Every Cloudera Data Science Workbench gateway host must have one or more block devices with at least 500 GB dedicated to storage of Docker images. The Docker block devices store the Cloudera Data Science Workbench Docker images including the Python, R, and Scala engines. Each engine image can weigh 15GB.

Application Block Device or Mount Point

The master host on Cloudera Data Science Workbench requires at least 500 GB for database and project storage. This recommended capacity is contingent on the expected number of users and projects on the cluster. While large data files should be stored on HDFS, it is not uncommon to find gigabytes of data or libraries in individual projects. Running out of storage will cause the application to fail. Cloudera recommends allocating at least 5 GB per project and at least 1 TB of storage in total. Make sure you continue to carefully monitor disk space usage and I/O using Cloudera Manager.

Cloudera Data Science Workbench will store all application data at /var/lib/cdsw. In a CSD-based deployment, this location is not configurable. Cloudera Data Science Workbench will assume the system administrator has formatted and mounted one or more block devices to /var/lib/cdsw.

Regardless of the application data storage configuration you choose, /var/lib/cdsw must be stored on a separate block device. Given typical database and user access patterns, an SSD is strongly recommended.

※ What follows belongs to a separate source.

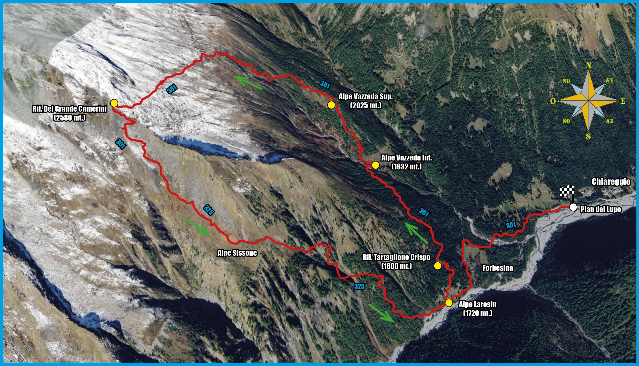 Tappe del percorso: Chiareggio (Pian del Lupo) - Forbesina - Alpe Laresin - Rif. Tartaglione Crispo - Pian dei Vitelli - Alpe Vazzeda Inferiore - Alpe Vazzeda Superiore - Rifugio Del Grande Camerini - Alpe Sissone - Alpe Laresin - Forbesina - Chiareggio (Pian del Lupo)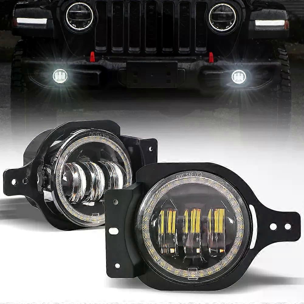 Apply 30W 4inch Led Fog Lights With DRL Halo Turn Mounting Bracket for Jeep Wrangler JL 2018 2019 4 Inch JL Front Bumper Angel Eyes

By default, data in /var/lib/cdsw is not backed up or replicated to HDFS or other nodes. Reliable storage and backup strategy is critical for production installations. See Backup and Disaster Recovery for Cloudera Data Science Workbench for more information.

Install Cloudera Data Science Workbench

To use the Cloudera Manager CSD and parcel to install Cloudera Data Science Workbench, follow the steps at Installation and Upgrade Using Cloudera Manager.

OR

To install the Cloudera Data Science Workbench package on the cluster gateway hosts, follow the steps at Installation and Upgrade Using Packages.